━━━━━ RECORD EXCERPTS ━━━━━

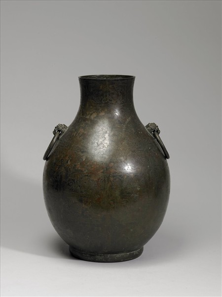 口微侈,束頸,鼓腹,圈足。肩部兩側為鋪首銜環,環上飾流雲紋。器身嵌以紅銅裝飾,自口沿至腹底計有七層圖案,分別以對頂三角紋為界,佈列成格狀。紋飾由上至下為鳳鳥紋兩層、獨角龍紋四層,最下層為寫實鹿紋。器身兩面正中處飾大獸面。器外底有溢銅,貼有清宮黃籤「重八十八号」。形制與河南淅川和尚嶺出土畫像銅壺(HXHM2:26、27)相似。
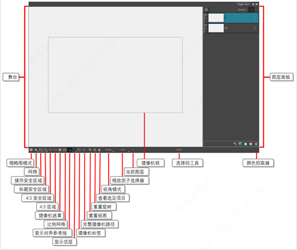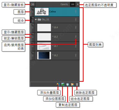 图层面板显示在舞台和摄像机视图的右侧部分。 可以在此添加、删除、复制、分组、重新排序、隐藏、显示、锁定或解锁图层;启用或禁用图层动画;改变图层的不透明度;以及选择在哪个图层上绘画、操作或创建动画。
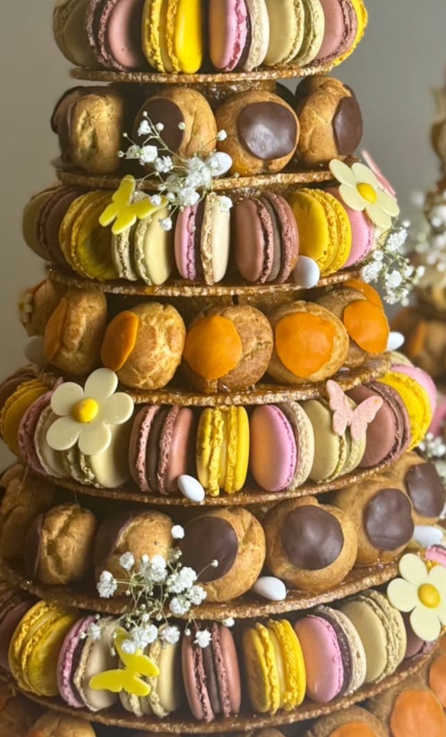 Découvrez notre pièce montée en forme de pyramide, une création sur mesure idéale pour les mariages, anniversaires et événements spéciaux. Chaque rangée est garnie de mignardises, macarons et choux, selon vos préférences, classiques ou originales, pour offrir à vos invités une expérience gourmande unique.
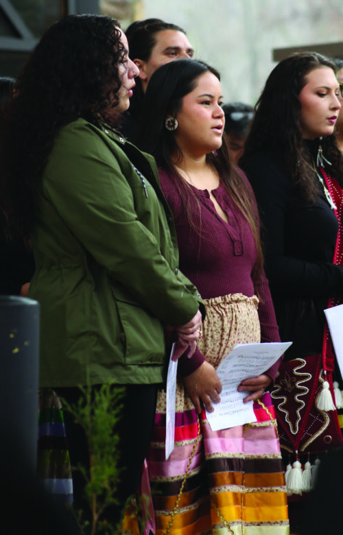 Meona Feather, middle, is showing singing a Cherokee hymn with the Cherokee Language Master Apprentice Program (CLMAP) at the 2026 Cherokee Speakers Memorial Day Event. (BROOKLYN BROWN/One Feather Photo)
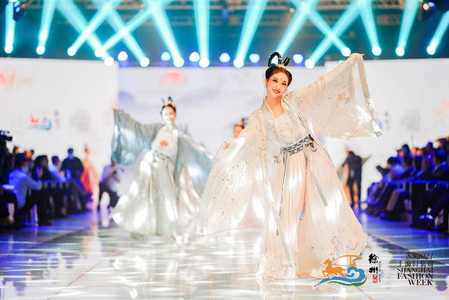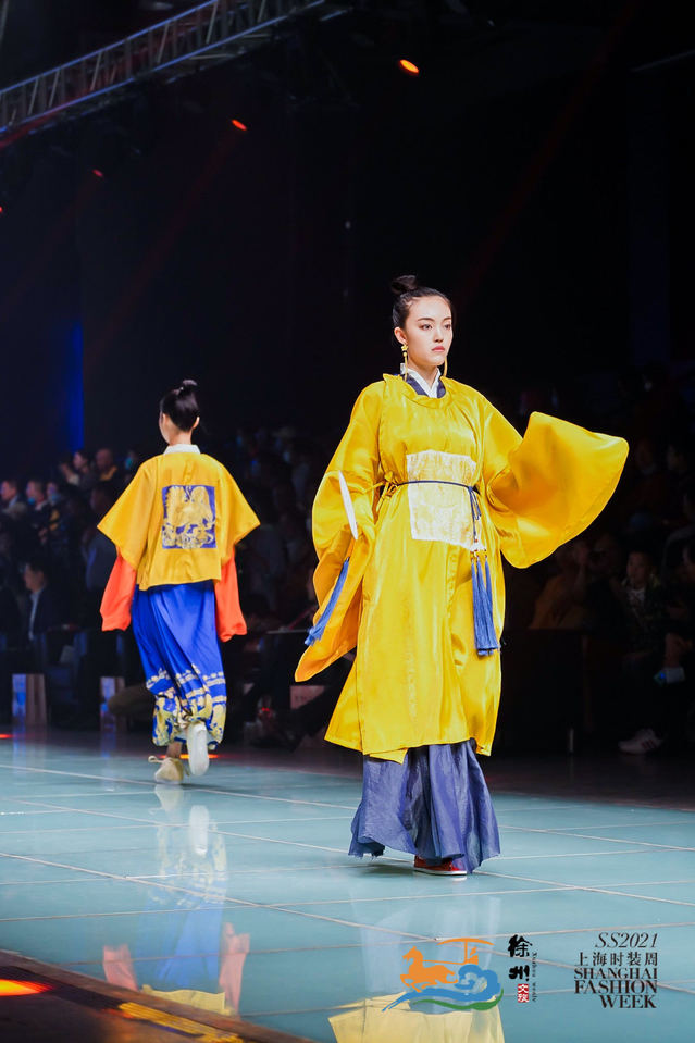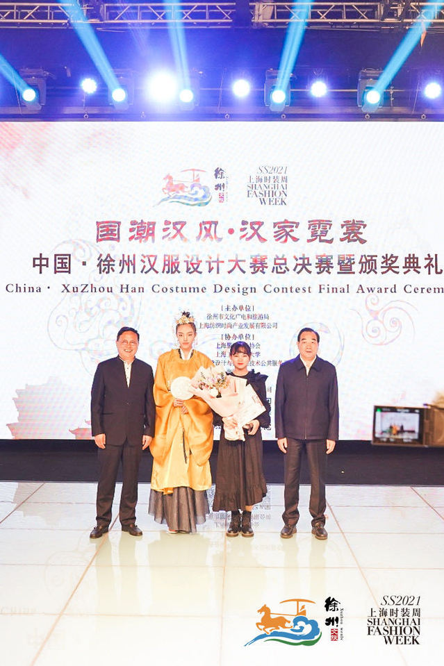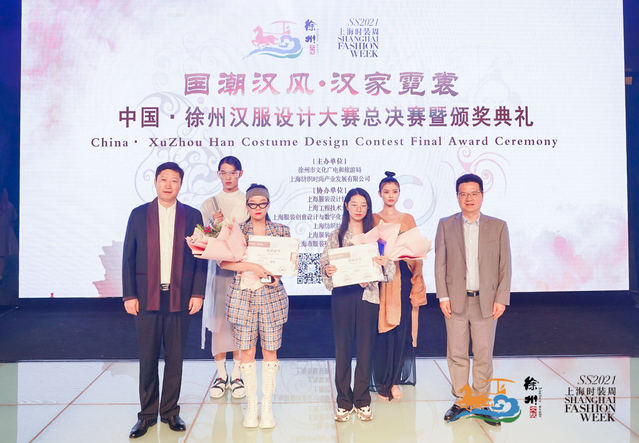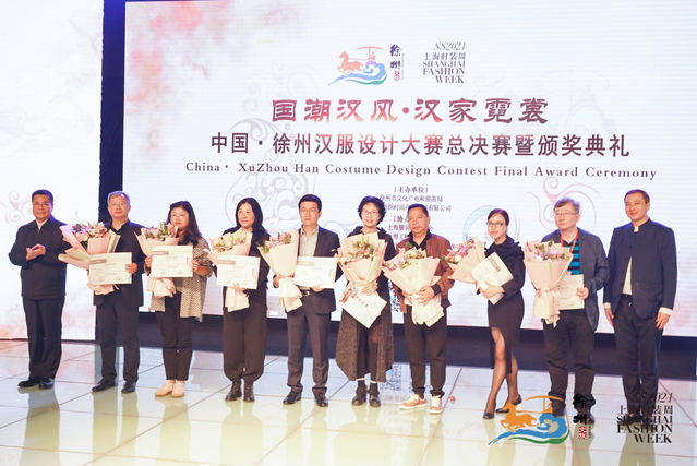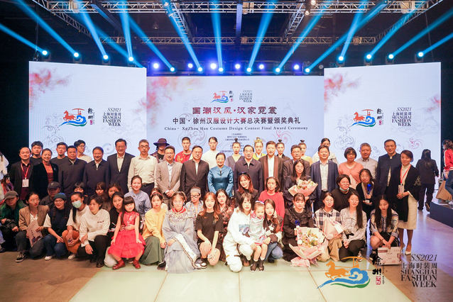 中国•徐州汉服设计大赛决赛于2019年11月正式启动,来自国内外高校、企事业、汉服社团等150所单位近10000余名设计师积极参与。通过初赛评审,评选出27组作品参加今天总决赛。此次在上海时装周隆重举办总决赛和颁奖典礼,同时采取赛展结合的方式举行,共27组作品入围总决赛并现场走秀展示。之后,徐州汉乐团倾情演绎的《江南可采莲》《上海滩》,深度展现了汉文化的魅力,赢得阵阵喝彩。汉服推广大使王奕翔和其74岁的老师张晓初带来的汉舞表演《古韵汉风》,优美的舞姿获得雷鸣般的掌声。木兰花开国风儿童汉服秀,为现场观众展现了一场穿越时空的精彩“古装秀”,给人留下了深刻难忘的印象。经过紧张激烈的角逐, 共评出金奖1名、银奖2名、铜奖3名和优秀奖21名、优秀组织奖8名。
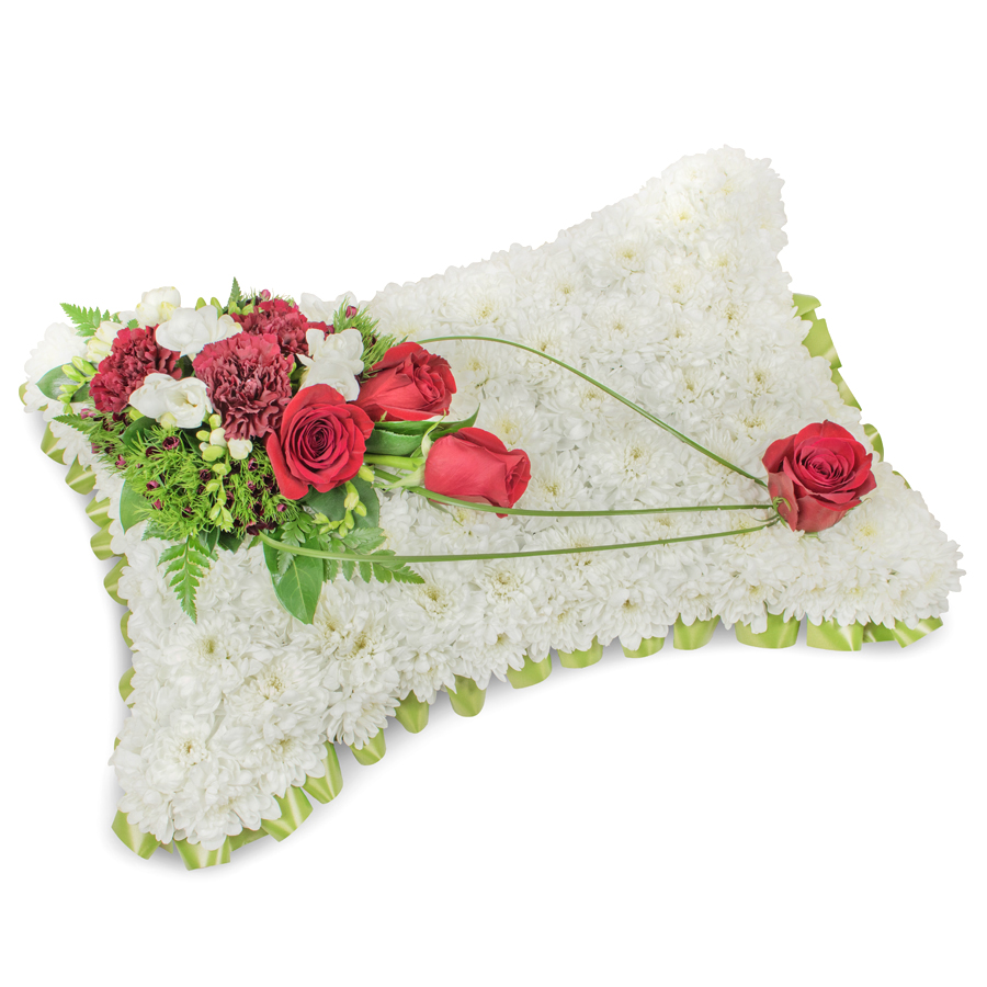 Convey your deepest sympathies with our sophisticated floral arrangement, thoughtfully designed to provide solace and beauty. This exceptional bouquet showcases white chrysanthemums, red roses, white freesias, and dark red carnations, enhanced by dianthus and bear grass.
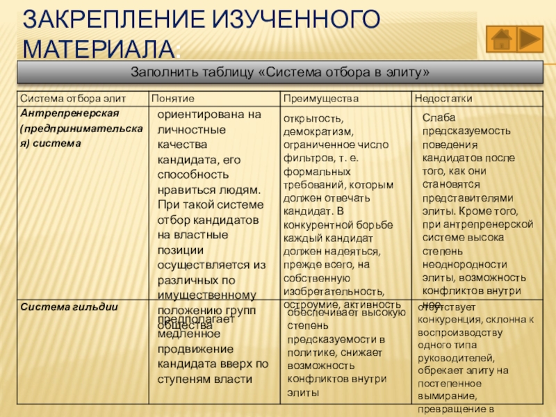 Недостатки: отсутствует конкуренция, склонна к воспроизводству одного типа руководителей, обрекает элиту на постепенное вымирание, превращение в замкнутую касту.

━━━━━

> [WHAT THE TASK REQUIRES]:
Only the lines from the one containing "中国•徐州汉服设计大赛决赛于" through the last line of the entries belong in the answer, given again exactly. Images stay out.

> [SOLUTION TO THIS PROBLEM]:
 中国•徐州汉服设计大赛决赛于2019年11月正式启动,来自国内外高校、企事业、汉服社团等150所单位近10000余名设计师积极参与。通过初赛评审,评选出27组作品参加今天总决赛。此次在上海时装周隆重举办总决赛和颁奖典礼,同时采取赛展结合的方式举行,共27组作品入围总决赛并现场走秀展示。之后,徐州汉乐团倾情演绎的《江南可采莲》《上海滩》,深度展现了汉文化的魅力,赢得阵阵喝彩。汉服推广大使王奕翔和其74岁的老师张晓初带来的汉舞表演《古韵汉风》,优美的舞姿获得雷鸣般的掌声。木兰花开国风儿童汉服秀,为现场观众展现了一场穿越时空的精彩“古装秀”,给人留下了深刻难忘的印象。经过紧张激烈的角逐, 共评出金奖1名、银奖2名、铜奖3名和优秀奖21名、优秀组织奖8名。
 Convey your deepest sympathies with our sophisticated floral arrangement, thoughtfully designed to provide solace and beauty. This exceptional bouquet showcases white chrysanthemums, red roses, white freesias, and dark red carnations, enhanced by dianthus and bear grass.
 Недостатки: отсутствует конкуренция, склонна к воспроизводству одного типа руководителей, обрекает элиту на постепенное вымирание, превращение в замкнутую касту.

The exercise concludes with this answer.